Queens have exercised tremendous power in the history of Africa. Nubia has the most documented line of queens in the world. More women have ruled in Nubia than in any other country modern or ancient. Certainly, in the history of the world, few names of women leaders are any greater than those of Amanerensis and Amanishakheto. In Kernet, we have the names of queens such as Hatshepsut, Sobeknefru, Tiye, Nefertari, Nefertiti, and Cleopatra, the last during the rule of the Greeks.

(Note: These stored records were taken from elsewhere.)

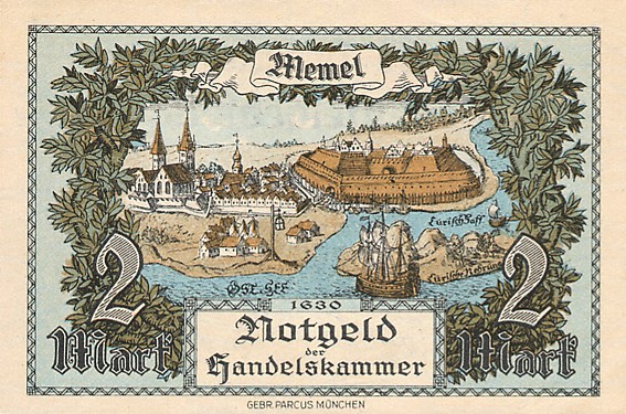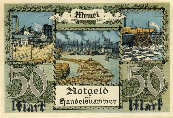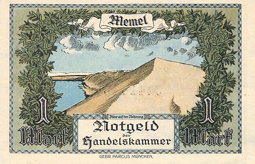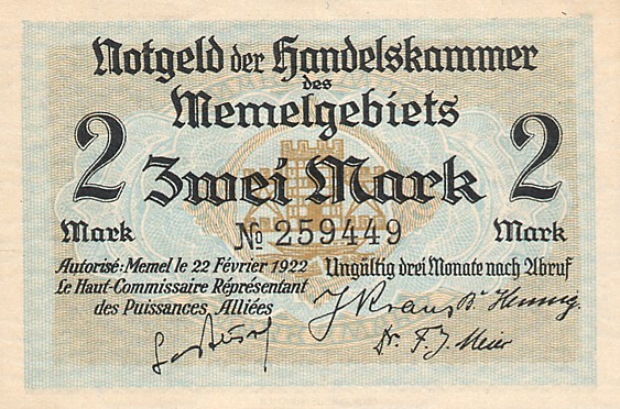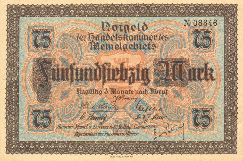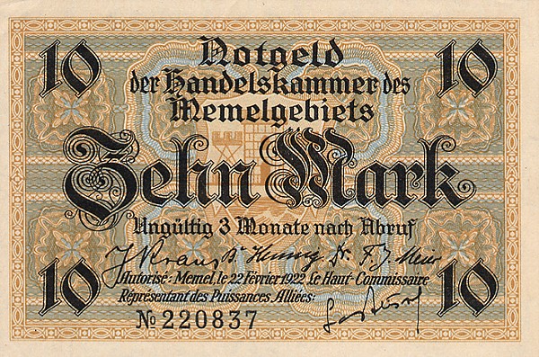 Po Versalio sutarties daugelis Vokietijos žemių tapo pusiau nepriklausomomis, o vėliau prasidėjusi ekonominė krizė su hiperinfliacija dar ir apsunkino pinigų leidybą, taigi, dalis buvusių Vokietijos teritorijų išleido savus pinigus. Tarp jų - ir Klaipėdos kraštas (Memelgebiet). Pinigų leidėjas - Tautų lyga, prancūzų okupacinė valdžia. Pinigai pasižymi gan ryškiu tautiškumu, juose vaizduojami ne tik Vakarų Lietuvos kraštovaizdžiai, bet ir kaimo buitis. Visgi, ant banknotų nėra jokių lietuviškų užrašų.
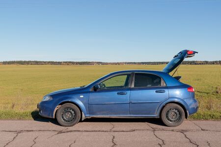 blue car that stands near the road
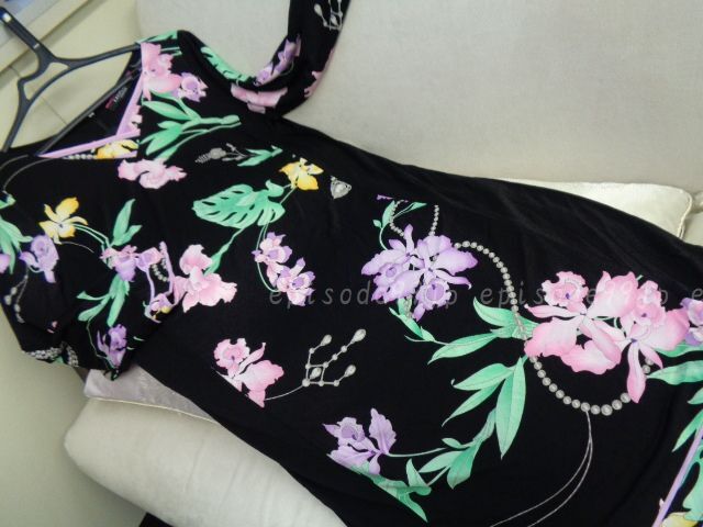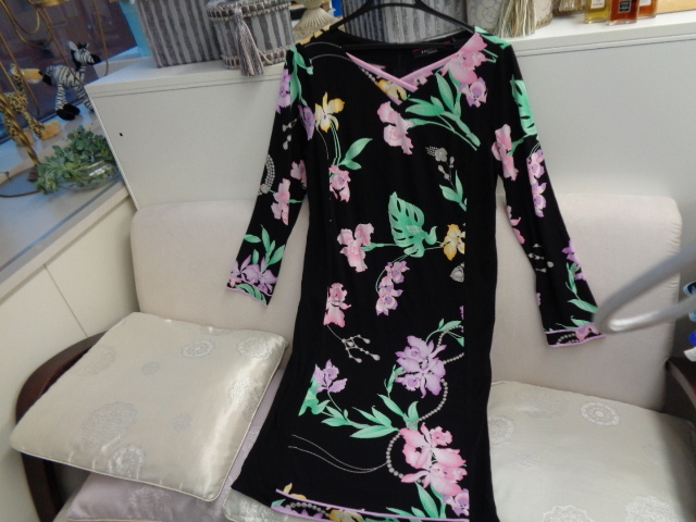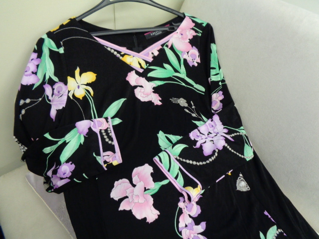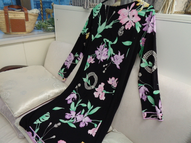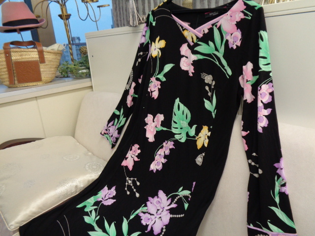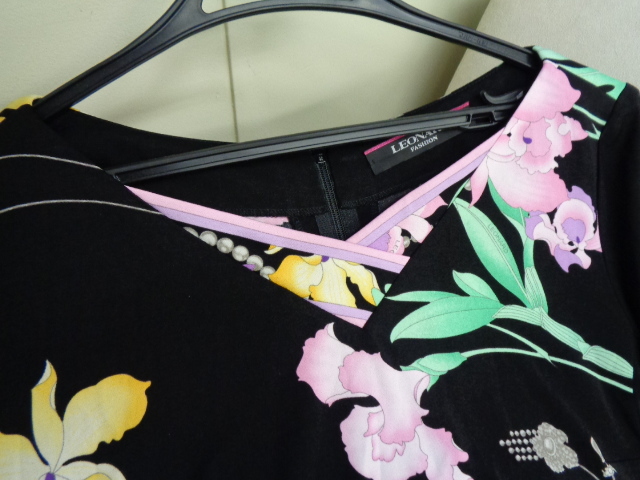 レオナール 美品 * Vネック膝丈ワンピース、
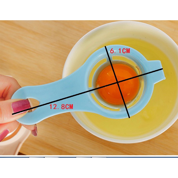 Kích thước : 12.8 x6.1cmDụng cụ tách lòng đỏ trứng được thiết kế như một cái lưới vợt bằng nhựa.
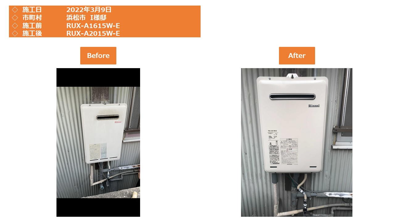 本日は、浜松市中区での給湯器施工事例をアップさせて頂きます。
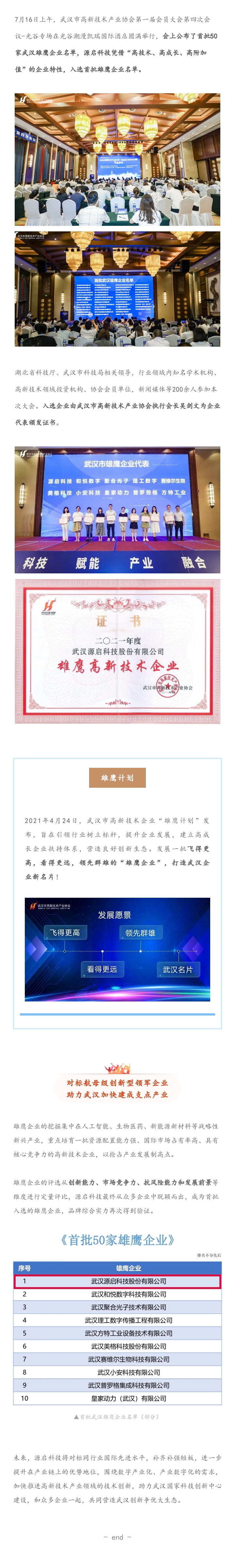 捷報(bào)丨源啟科技入選首批50家武漢雄鷹企業(yè)名單
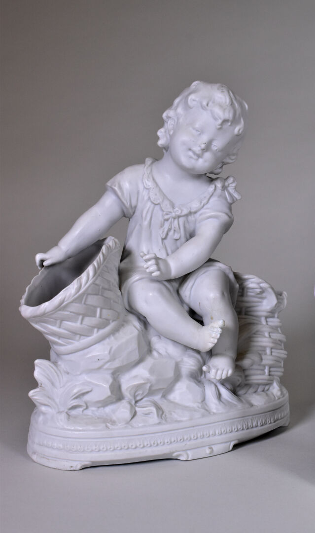 Ensemble de pièces en porcelaine et biscuit, principalement des vases et figurines (égrenures). 1 carton.

In African societies, the queen carries significant ethical and spiritual power as the leader of ceremony and ritual. Often she is seen to have incredible, superhuman strength, ability, and wisdom. Because leadership comes with power, a queen may also create chaos by wielding power in a negative or malevolent manner. However, in Africa, the royals tend to be individuals who take their roles seriously because of the risk of violating the taboos of community. Teaching the royal family about the traditions of the society is one of the great challenges of the religious and spiritual leaders. A queen is responsible for order, but the order is not merely societal, but cosmic. One must be careful to maintain stability and welfare in the community by acting in the interest of the common good. Calamities, riots, wars, pestilence, disease, and bad fortune may descend on a community where the queen or king is irrational, violent, disobedient to the fundamental values of the society, or disrespectful of the ancestors. This is particularly true in those areas that are agrarian, where the weather and the resultant harvest depend on the queens. In communal life, the royal figure is the one gluon that holds everything and everyone together. It is a large and important responsibility for the royals to influence the harvest and the fertility of families, and therefore they must engage in the protection of their powers by ritual ceremonies to the ancestors.